But with credit markets in buoyant shape towards the end of the first quarter, Aegon revived its mandate and approached the market anew on the morning of 28 March.

Initial price thoughts of the 6% area were set for the EUR500m no-grow perpetual non-call five instrument, rated Baa3/BBB-/BB+. Orders passed EUR1bn in around an hour and a half, and after three hours guidance was set at the 5.75% area, plus or minus 0.125%, will price in range, with books above EUR2bn. The new issue was ultimately priced at 5.625%, with a reset spread of 521bp, on the back of over EUR2.5bn of demand, pre-reconciliation.

“It was worth the wait,” said André Bonnal, FI syndicate at Crédit Agricole CIB. “It felt like unfinished business as they did not come to the market at the end of 2018, but now they have successfully priced their debut, with the deal five times covered and performing well in the secondary market. It’s a really good development for the RT1 market.”

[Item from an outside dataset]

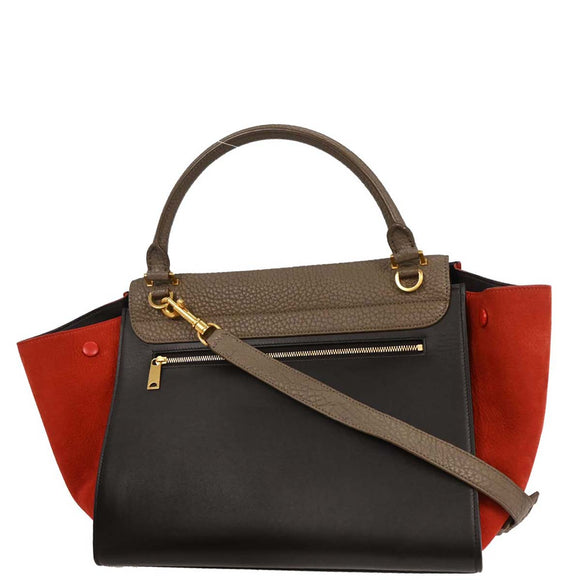 Celine Black Red Brown Leather Trapeze 2way Shoulder Handbag

He noted that since being opened in October 2017 by ASR Nederland with its EUR300m trade, the euro RT1 sector has remained thin, seeing only one other liquid benchmark, in June 2018 when CNP Assurances sold the first EUR500m trade.

“Furthermore, those were printed when the market was very strong, so the RT1 market had never really performed,” added Bonnal.

However, thanks to the first quarter rally, CNP Assurances’ RT1 was trading back at par, while prevailing market levels allowed Aegon to go out with a 6% coupon as its starting point, he noted, while Aegon also offered a higher reset spread than either ASR or CNP.

“It clearly offered good value in terms of reset spread and headline coupon,” said Bonnal, “especially when we know that yields are dropping and the hunt for yield is going to continue. Plus it was investment grade-rated.”

Aegon said it intends to use the proceeds from the issuance for redemption of grandfathered RT1 securities.

“The successful inaugural issuance of these RT1 securities demonstrates our financial strength and creditworthiness,” said Matt Rider, CFO of Aegon. “This transaction provides us with financial flexibility to call part of our outstanding grandfathered securities.”